Materials and Methods
This study covers 59 patients with prostate tumours. These patients were recruited from the urology department of the Thiès regional hospital and the Saint Jean de Dieu hospital in Thiès between January 2021 and December 2022. Inclusion criteria were a suspicious digital rectal examination (DRE) with a PSA level greater than 4 ng/ml, followed by biopsies for histopathological diagnosis.
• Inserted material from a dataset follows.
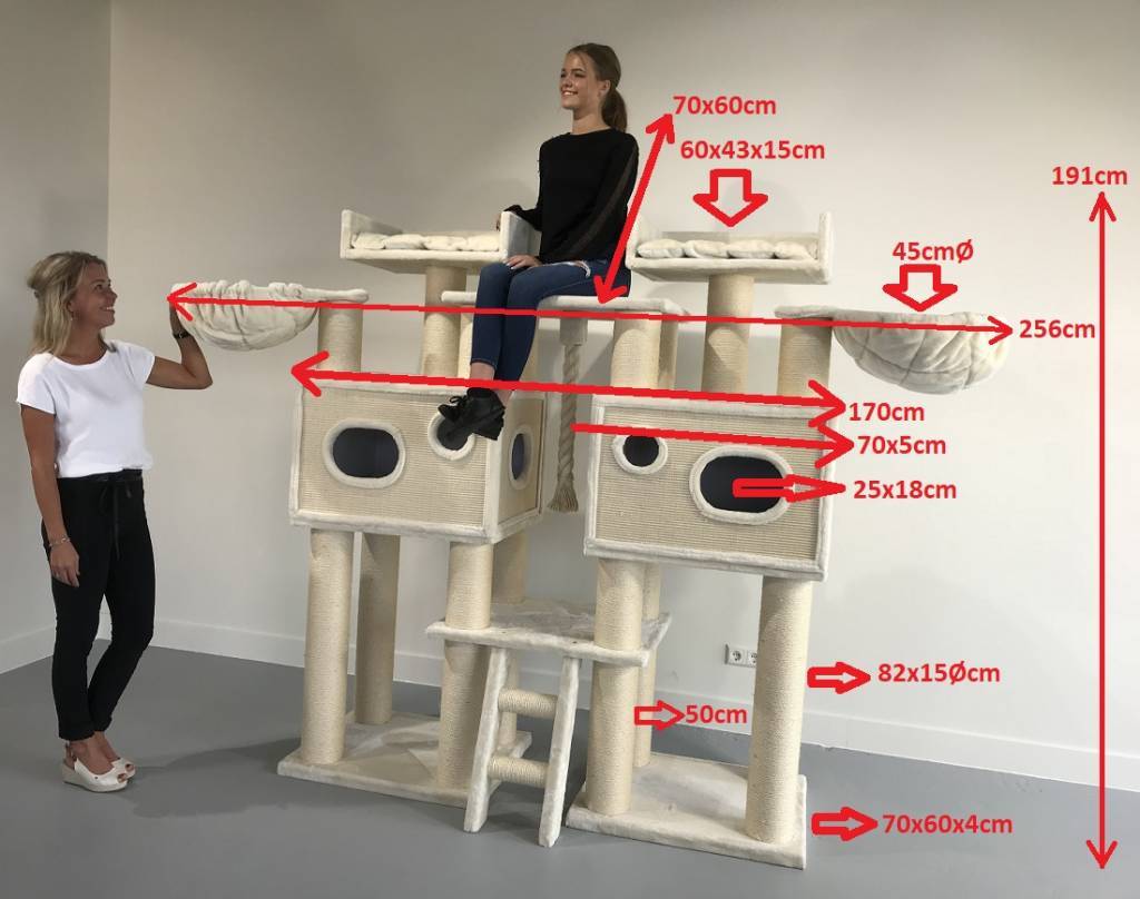 is een paradijs voor katten die erg groot en stevig is met 15cmØ dikke sisalpalen en ruim 100KG totaalgewicht.. Ook zeer geschikt voor grote of zware katten.
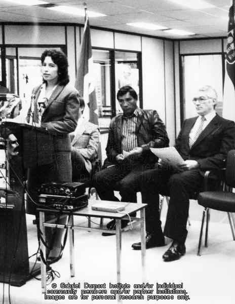 Woman [representing a Métis association?] speaking at the presentation of Louis Riel's diary to the Saskatchewan Archives Board by the Saskatchewan government in Regina, Feb. 23, 1984. From the D.H. Bocking Collection.

After review in accordance with the rules laid down by Senegal’s National Health Research Ethics Committee (SNHREC) and in compliance with the procedures established by Cheikh Anta Diop University in Dakar (UCAD) for all research involving human participants, ethical approval was obtained for this study. The objectives of the study, the protocol, the benefits and the confidentiality criteria were explained to each patient to give them the opportunity to accept or refuse to take part. In the case of acceptance, a duly completed and signed informed consent form was required for admission to the study. For data collection, we collected demographic data (surname, first name, age, ethnicity, reason for consultation), PSA levels and medical history from routine family files.
DNA Extraction and Amplification of the BRCA1 and BRCA2 Genes
Total DNA from each sample was extracted using the Qiagen protocol (Qiagen Dneasy Tissue Kit). DNA quality was checked by electrophoretic migration on a 1.5% agarose gel. For a given gene, the conditions for DNA amplification are the same whatever the pathology and for both tumour tissues and controls. PCR amplification conditions included a 1st step of a 12 minute of initial denaturation at a temperature of 95°C, followed by a 2nd step consisting of 35 cycles of 15 seconds of denaturation and hybridization at 94°C and 57°C respectively, primer elongation at 72°C/1 minute, and a 3rd step: final elongation or polymerization at 72°C for 5 min. PCR products were checked by electrophoretic migration on 1.5% agarose gel from 5 μl of amplicons. The size of each amplified gene was estimated using a 500 bp SmartLadder size marker.
The primer sequences and corresponding amplicon sizes are shown in Table 1.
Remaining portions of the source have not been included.